Our team beat off seven other finalists to clinch the top award at the finals at Manchester Central. Judges hailed our approach of bringing in 6th form students to work alongside our nurses and doctors saying: “This is great work and should be rolled out nationally.” 

Renee Comerford, said: "It was surreal, amazing. the whole team is a very proud one!" Matron Barbara Schofield, described as a "bouncing kangaroo" when the result was announced, said: "It was more than winning. What they said about us was amazing. They gave us such a build up. Before saying the Trust name they said  the winner is a campaign which really needs to be a national one. They'd told us that during the shortlisting so we knew it was us. A lot of work has gone into it and the night was amazing." 

Our Director of Nursing Brendan Brown, said: "Huge congratulations to the team for winning this award, which is a reflection of the hard work, cross-boundary working and engagement the team have undertaken in meeting their unlimited potential in the best interests of patients and their families."  

In their ruling the judges said: The evidence is clear that keeping older people mobile, free from pain, hydrated, well slept and free from infection while they are in hospital reduces the risk of them developing delirium in hospital. They recover better and are more likely to return home. 

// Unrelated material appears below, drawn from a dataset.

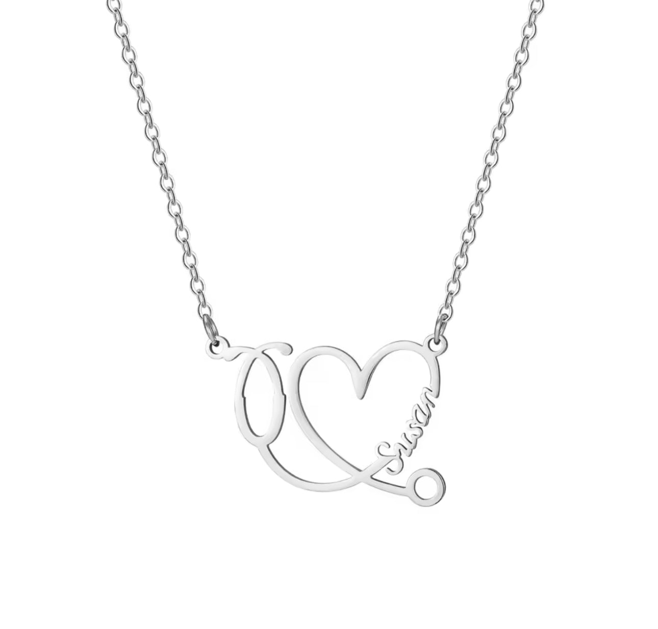 Crafted with a beautiful fusion of style and meaning, the MedHeart stethoscope Custom Necklace is the perfect tribute for healthcare professionals. Designed to symbolize strength, compassion, and dedication, this necklace features a stunning heartbeat line and customizable nameplate.

"The initial setup cost the trust nothing – although funds have been allocated to roll it out to more clinical areas.

"The challenge is how to deliver this – and the winner came up with a novel solution: bring in A-level students as volunteers to promote drinking, eating, mobility and social engagement. It’s been a huge success. 

"Serious harm falls have been zero for two years now and complaints have dropped from more than three a month to zero or one. Patients with fractured neck of femur are more likely to return home. 

"Staff, patients and volunteers alike all enjoy working together." 

The awards were part of the 8th annual Patient Safety Congress and Awards attended by 2,000  safety leaders from Trusts across the country. The Chief Executive of the NHS Improvement, Jim Mackey, was among 70 speakers during the event.